Сэйитиро заметил афишу с торговой площадки перед императорским театром. Она извещала, что послезавтра начинаются выступления Жозефины Бейкер[12]. Кёко по телефону приглашала его вместе пойти на концерт, но он отказался. Он не любил сопровождать Кёко в людные места. Встречаться лучше было у нее дома. Кёко равнодушно выслушала этот привычный отказ и заметила: «Тогда пойду с Осаму». Красивый, рассеянный Осаму куда больше подходил для того, чтобы сопровождать Кёко. Витающий в облаках юноша, на лице которого причудливо сочетались мужские брови, девичьи губы и романтически влажный взгляд. Со стороны Сэйитиро и Осаму были совсем не похожи, но Сэйитиро иногда казалось, что он понимает, о чем думает Осаму. Тогда бессознательный образ жизни Осаму и вполне сознательный образ жизни Сэйитиро выглядели как две стороны щита.


На углу квартала показалось мрачное старое здание компании «Ямакава-буссан». Было без четверти час. Котани – новичок, сослуживец из их же отдела, закашлявшись, с горящими щеками приветливо взглянул на проходивших мимо Сэйитиро и Саэки, сбавил шаг и, перебирая ногами, как заведенный, направился к служебному входу.

– Эй, не стоит так спешить, – скорее прошептал Сэйитиро, рассчитывая, что не услышат, но его уже и так не было слышно.

– Кто-то сказал ему, что нужно добраться до стола хотя бы на шаг раньше старших.

– Все новички у нас ростом с каланчу. Хорошо их кормили. Не то что наше поколение – мы выросли на пищевых заменителях и бобовом жмыхе.

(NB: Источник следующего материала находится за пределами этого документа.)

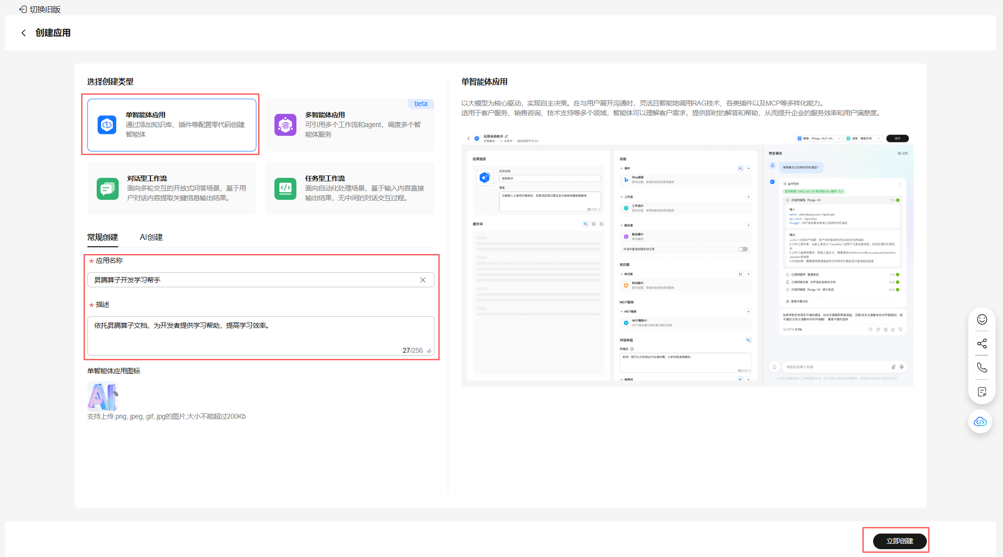 在应用配置界面,创建类型选择默认的单智能体应用,页签选择常规创建,然后配置应用名称及其描述。
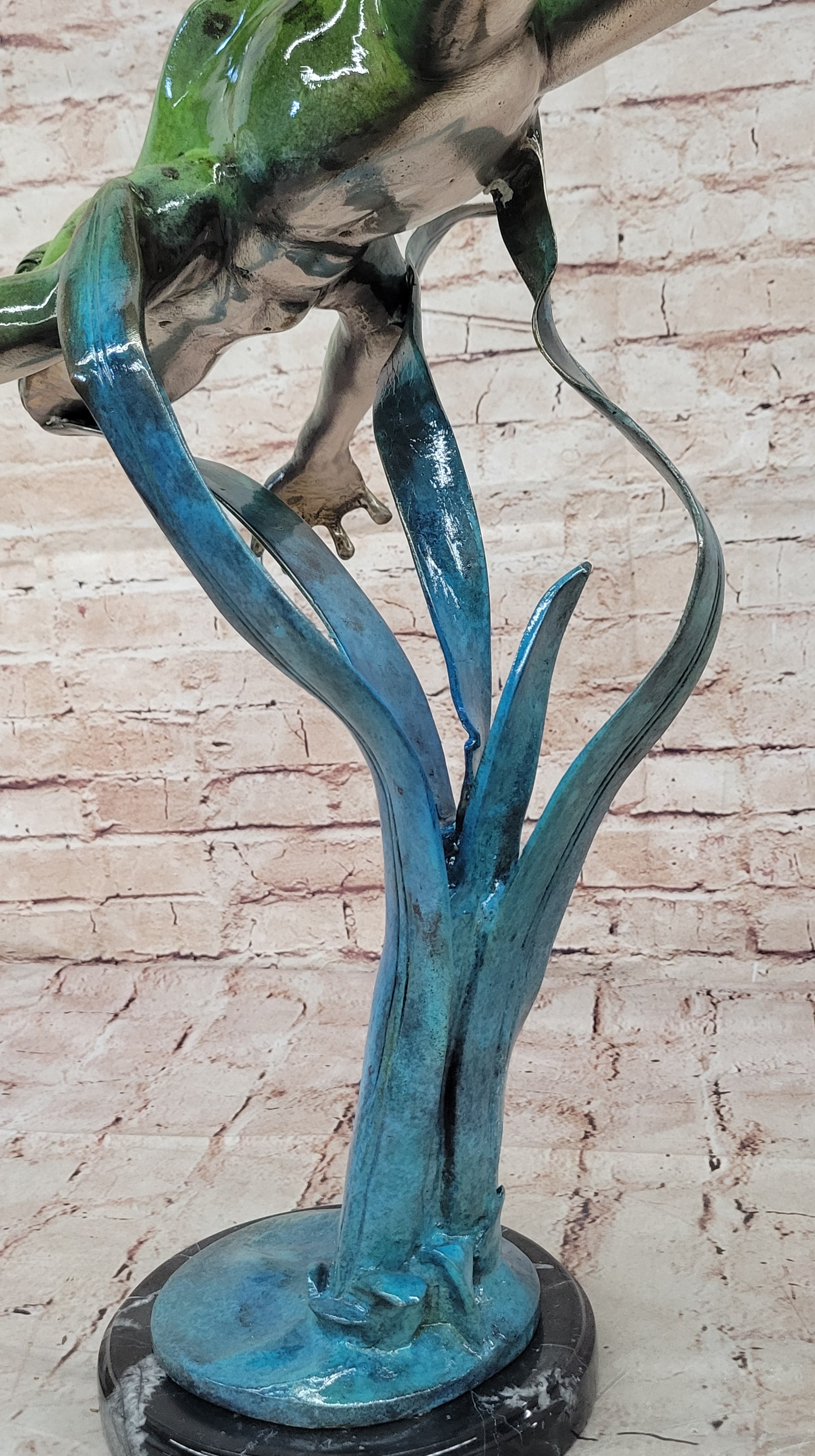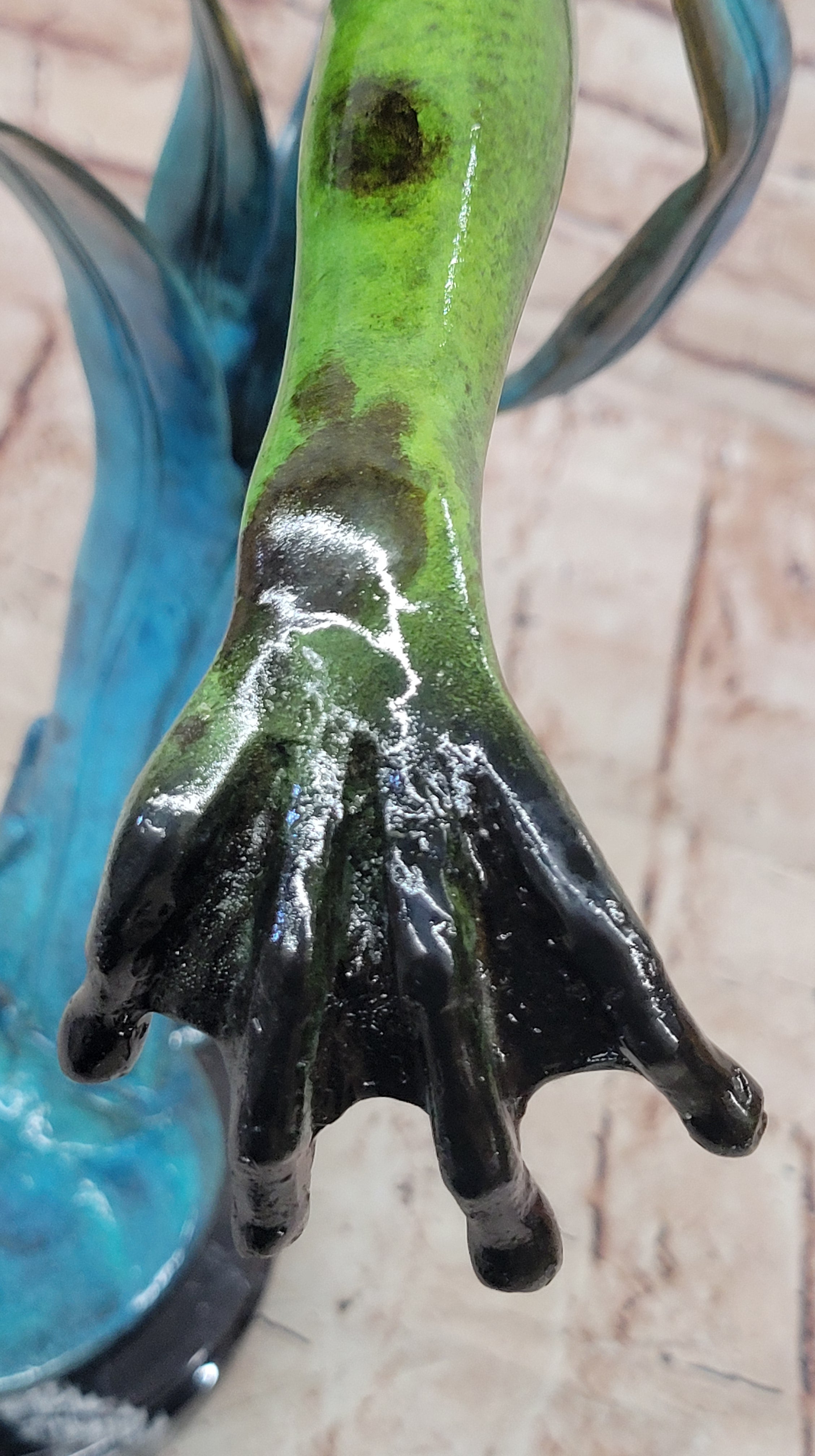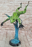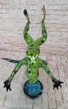 Leaping Frog Bronze Metal Statue Sculpture Painted Decor on Marble Base Signed Original Numbered Art

Бросающаяся в глаза молодость новичков, слишком яркий блеск глаз, натянутая улыбка с желанием понравиться, но не выглядеть заискивающим; избитый прием – чесать голову при промахе, напрягать мускулы с целью подчеркнуть жесткую позицию, самоотверженность и полная отдача, с которой выполнялось любое дело… Все это, конечно, радовало, но Сэйитиро куда больше нравилось видеть, как через месяц, через два на лицах постепенно проступают апатия, тревожность, предчувствие краха иллюзий. Тем не менее сам он верил, что и через три года после прихода в компанию сохранил выделяющую его среди сослуживцев живость, гладкость щек, привлекающую людей молодость, немногословность и не поддался никакой апатии.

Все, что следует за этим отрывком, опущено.